━━ INPUT FOR THIS TASK
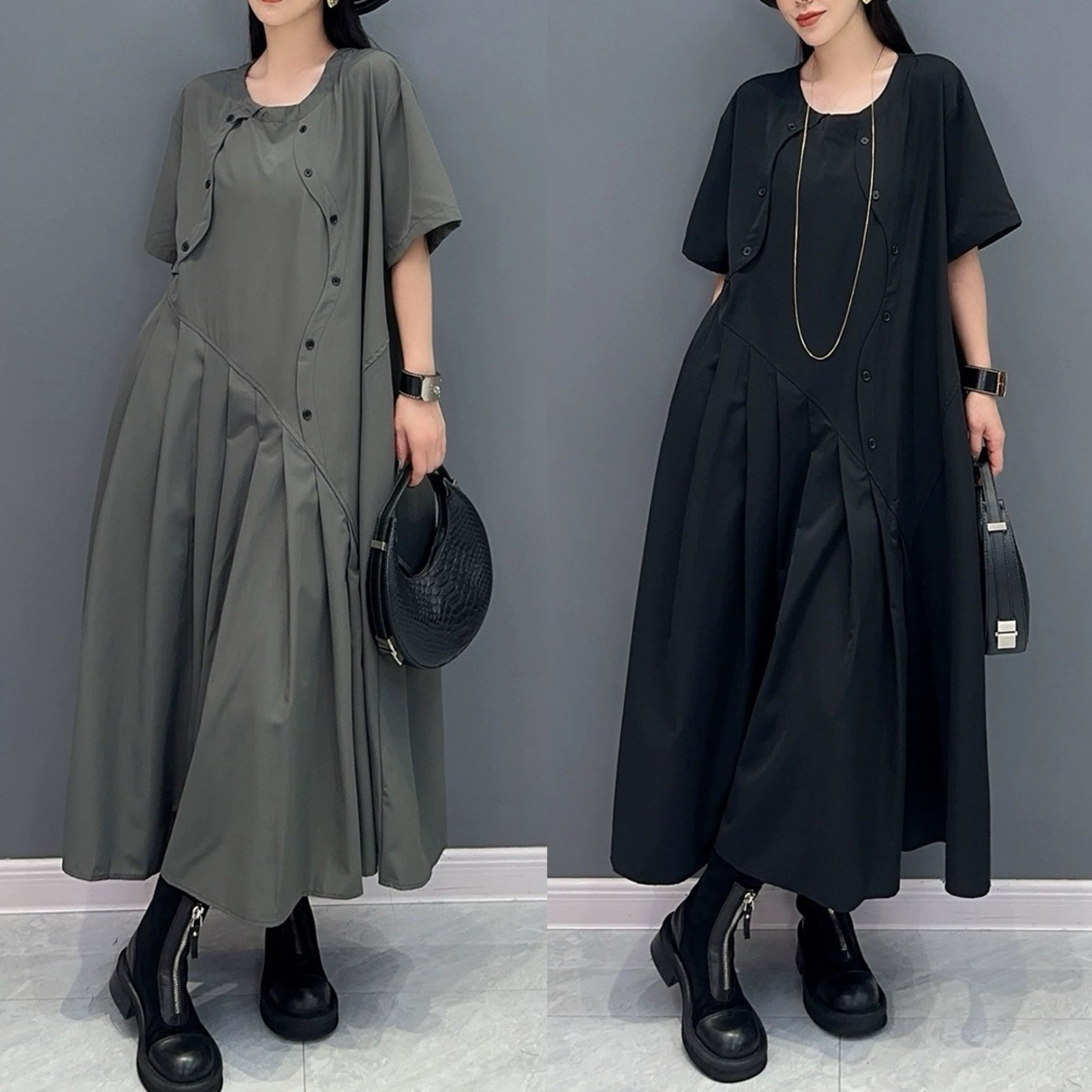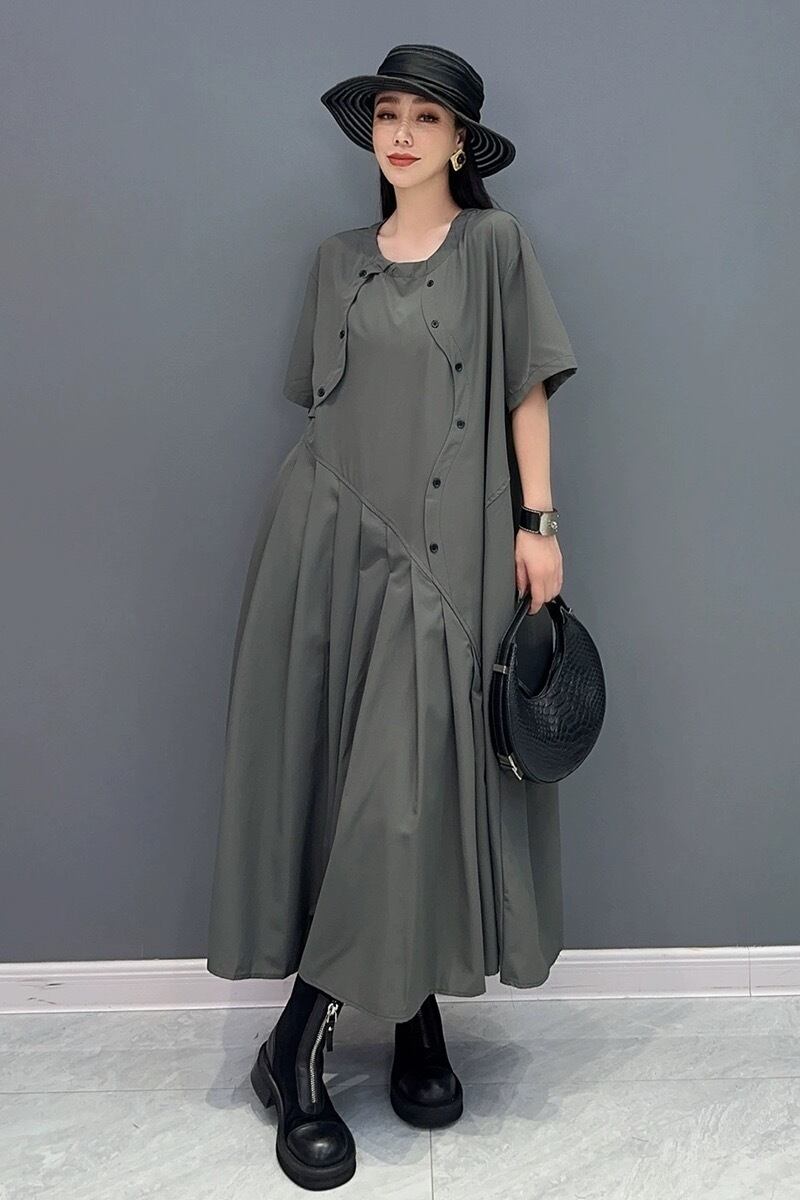 グレー 半袖 ブラウス ワンピース カジュアル ストリート
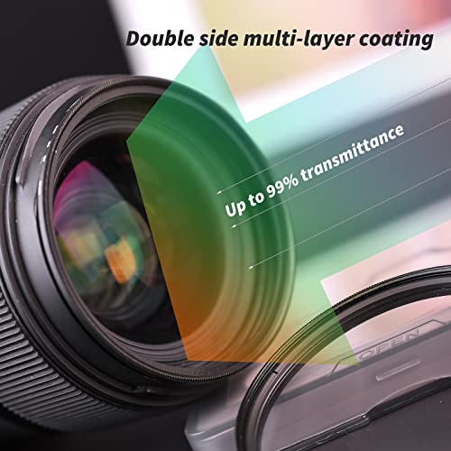 - صلابة الفلتر تصل إلى 9 اتش دي: أخضر. يمكن لفلتر الأشعة فوق البنفسجية أن يمنع الخدوش والغبار والبقع الزيتية وبصمات الأصابع والتلامس المباشر مع العدسة.
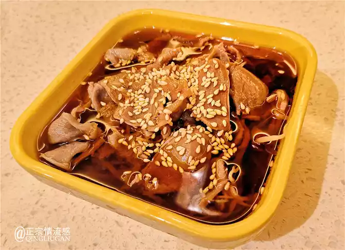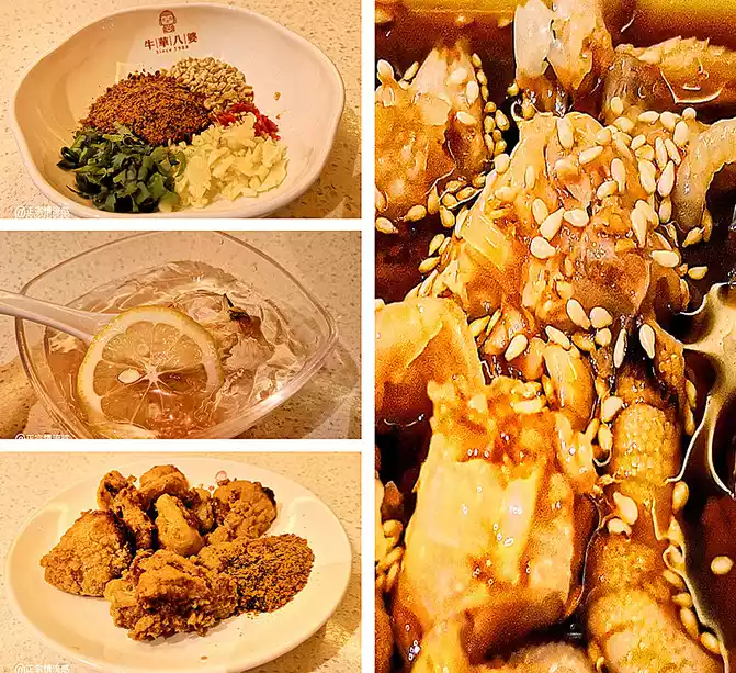 The seasoning plate is prepared for diners, just pour customized sesame oil (guests can also DIY seasoning). It is recommended that the red oil chicken foot bowl and the county liver bowl are crispy bean sprouts as the base, cut into small chicken feet and county liver juice water flavor, drizzled with red oil, slightly spicy and crispy, a good cold snack.
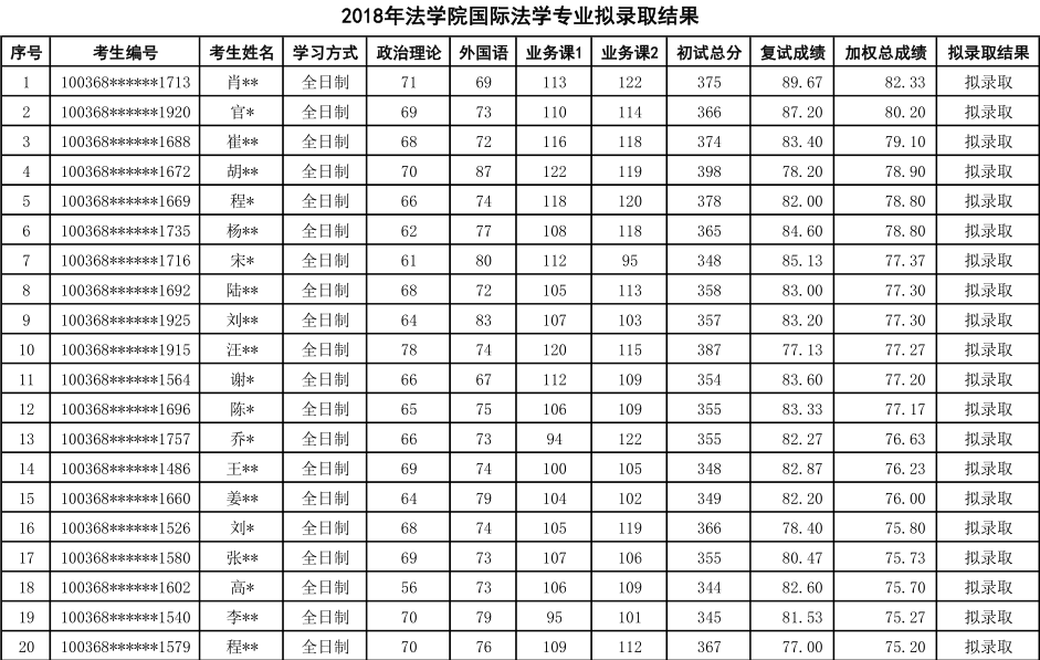 五、对外经济贸易大学国际法学专业研究生拟录取情况(2018年名单):
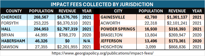 Hall County collected $2,797,319 in impact fees in 2021. In the same year, Dawson County collected $2,201,955. More information about impact fees in other jurisdictions can be accessed here.
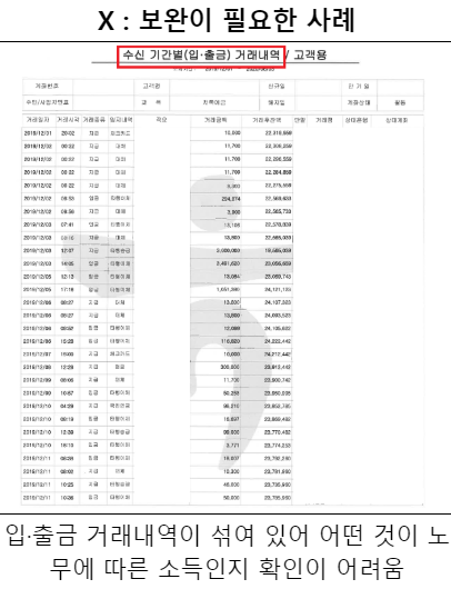 X : 보완이 필요한 사례: 소득 또는 매출 금액을 확인할 수 있는 정보가 없음
━━━━
Reproduce the entries above without change, omitting all pictures.

 グレー 半袖 ブラウス ワンピース カジュアル ストリート
 - صلابة الفلتر تصل إلى 9 اتش دي: أخضر. يمكن لفلتر الأشعة فوق البنفسجية أن يمنع الخدوش والغبار والبقع الزيتية وبصمات الأصابع والتلامس المباشر مع العدسة.
 The seasoning plate is prepared for diners, just pour customized sesame oil (guests can also DIY seasoning). It is recommended that the red oil chicken foot bowl and the county liver bowl are crispy bean sprouts as the base, cut into small chicken feet and county liver juice water flavor, drizzled with red oil, slightly spicy and crispy, a good cold snack.
 五、对外经济贸易大学国际法学专业研究生拟录取情况(2018年名单):
 Hall County collected $2,797,319 in impact fees in 2021. In the same year, Dawson County collected $2,201,955. More information about impact fees in other jurisdictions can be accessed here.
 X : 보완이 필요한 사례: 소득 또는 매출 금액을 확인할 수 있는 정보가 없음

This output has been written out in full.